CLDR data is by definition per-language. Except for inheritance, languages are
independent.
There are no "French" characters. When you encode characters, at best, some
code points may be script-specific. For punctuation and spaces not even that may be the
case. Therefore, as long as you try to solve this as if it *only* was a French problem,
you are not doing proper character encoding.
Again, I did not do that (and BTW CLDR is not doing “character encoding”).
Actually, to be able to post that blame you needed to cut off all the URLs I
provided you with. These links are documenting that i did not “try to solve
this as if it only was a French problem[.]”
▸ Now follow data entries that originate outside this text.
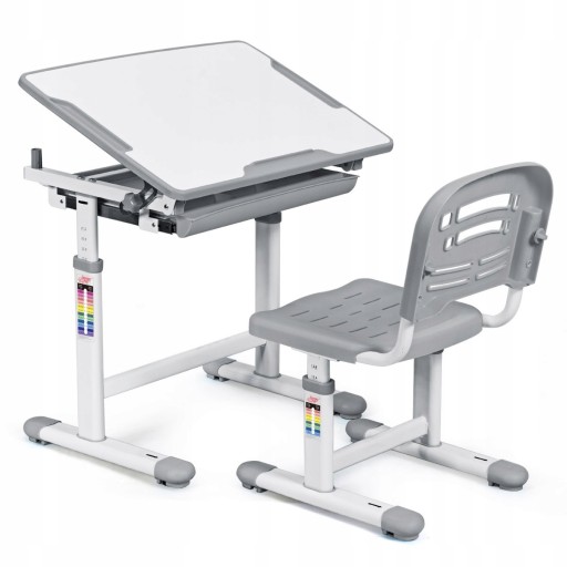 Możliwość regulacji - możliwość regulacji wysokości biurka w zakresie od 54.5 do 77 centymetrów oraz regulacji wysokości krzesła od 32 do 44 centymetrów sprawia, że zestaw rośnie wraz z dzieckiem. Dzięki funkcji zmiany kąta nachylenia blatu od 0 do 40°, można z łatwością dopasować stół do siebie i konkretnej aktywności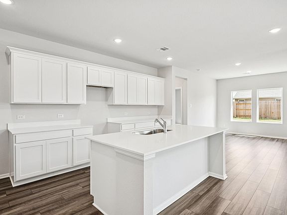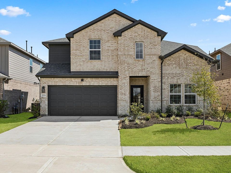 Enzo Plan – LAGOON LIVING – Lagoon life is coming to Huffman ISD! Discover Saint Tropez, a peaceful community that blends suburban charm and rural tranquility. Enjoy a luxurious lifestyle with scenic lagoon views and amenities designed for wellness, relaxation, and everyday comfort. Megatel Homes’ Enzo plan is a 2-story, 2,583 square foot home featuring 3 spacious bedrooms, 2.5 bathrooms, a flex room, and a 2-car garage. This layout includes an extra room for work or quiet time, and a seamless connection between the kitchen, dining, and living areas for easy everyday living. The main-level primary suite offers a peaceful retreat with a spacious walk-in closet and private ensuite bath. Situated on a 50 ft lot, this home is available with elevation A, showcasing a distinct and stylish exterior design.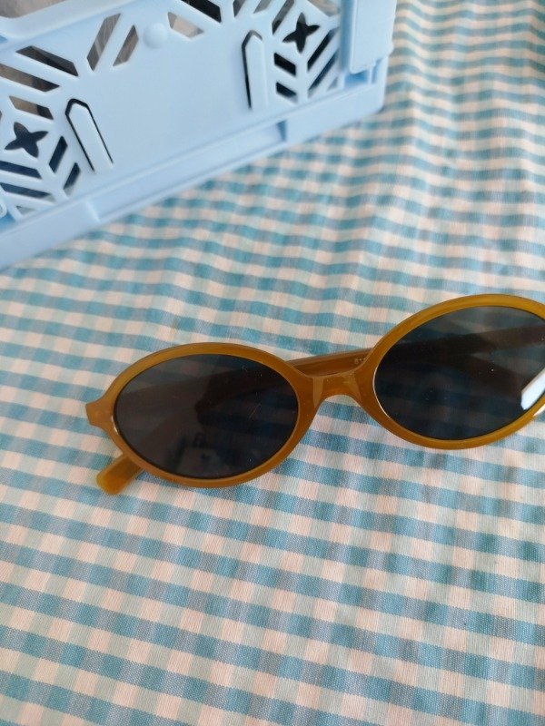 Anteojos de armazón de acetato naranja y cristales negros. Detalle decorativo en las patillas
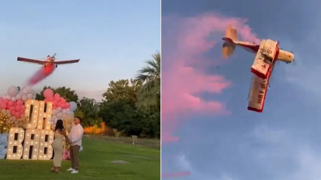 Um vídeo publicado nas redes sociais mostra o momento em que o piloto sobrevoa a festa e solta um pó rosa, indicando que o casal terá uma menina.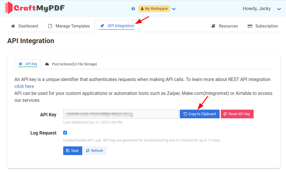 The API key can be obtained from the CraftMyPDF dashboard's API Integration tab. This key acts as a secure access point to your CraftMyPDF account, allowing Zapier to interact with it on your behalf.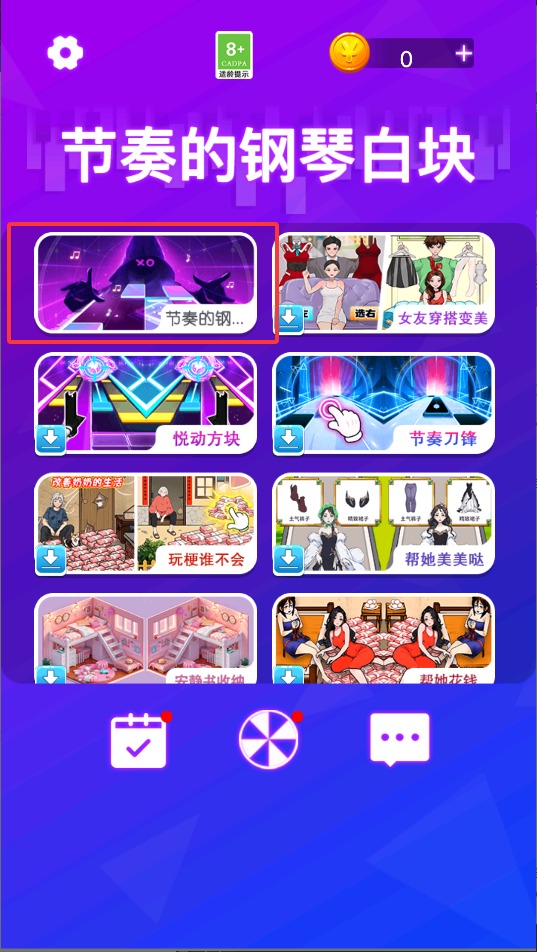 1、基础演奏模式。琴键会随着音乐节奏从上方落下,在合适时机点击即可得分。连续准确点击可以触发连击效果,获得更高分数。
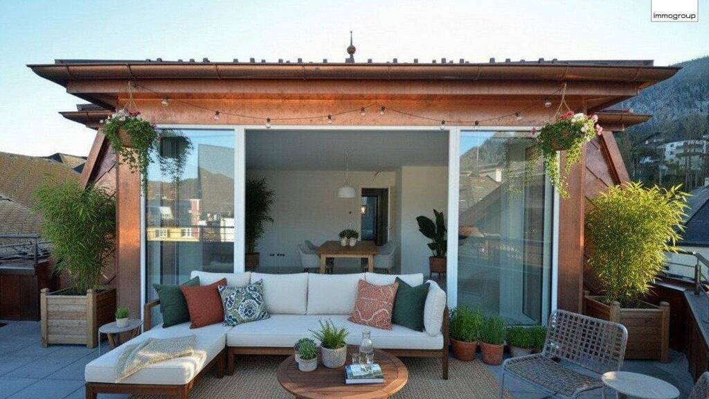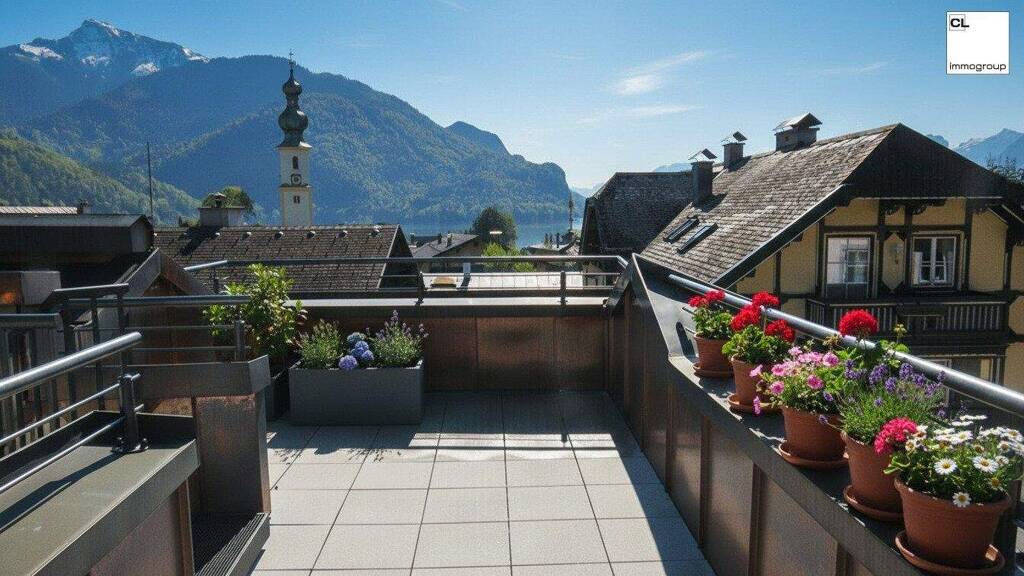 Das Penthouse befindet sich in einem modernen Wohngebäude im Zentrum von St. Gilgen und bietet einen atemberaubenden Blick auf den Wolfgangsee und die umliegenden Berge.

Here they are again, this time with copy-pasted snippets below.
I wrote: “But as soon as that was set up, I started lobbying for support of all
relevant locales at once:”
https://unicode.org/cldr/trac/ticket/11423
https://unicode.org/pipermail/cldr-users/2018-September/000842.html
* “To be cost-effective, locales using space as numbers group separator should
migrate at once from the wrong U+00A0 to the correct U+202F. I didn’t aim at
making French stand out, but at correcting an error in CLDR. Having even the
Canadian French sublocale stick with the wrong value makes no sense and is
mainly due to opaque inheritance relationships and to severe constraints on
vetters applying for fr-FR and subsequently reduced to look on helpless from
the sidelines when sublocales are not getting fixed.”
* “After having painstakingly catched up support of some narrow fixed-width
no-break space (U+202F). the industry is now ready to migrate from U+00A0 to
U+202F. Doing it in a single rush is way more cost-effective than migrating one
locale this time, another locale next time, a handful locales the time after,
possibly splitting them up in sublocales with different migration schedules. I
really believed that now Unicode proves ready to adopt the real group separator
in French, all relevant locales would be consistently pushed for correcting
that value in release 34. The v34 alpha overview makes clear they are not.
http://cldr.unicode.org/index/downloads/cldr-34#TOC-Migration
I aimed at correcting an error in CLDR, not at making French stand out.
Having many locales and sublocales stick with the wrong value makes no sense
any more.
https://www.unicode.org/cldr/charts/34/by_type/numbers.symbols.html#a1ef41eaeb6982d
The only effect is implementers skipping migration for fr-FR while waiting
for the others to catch up, then doing it for all at once.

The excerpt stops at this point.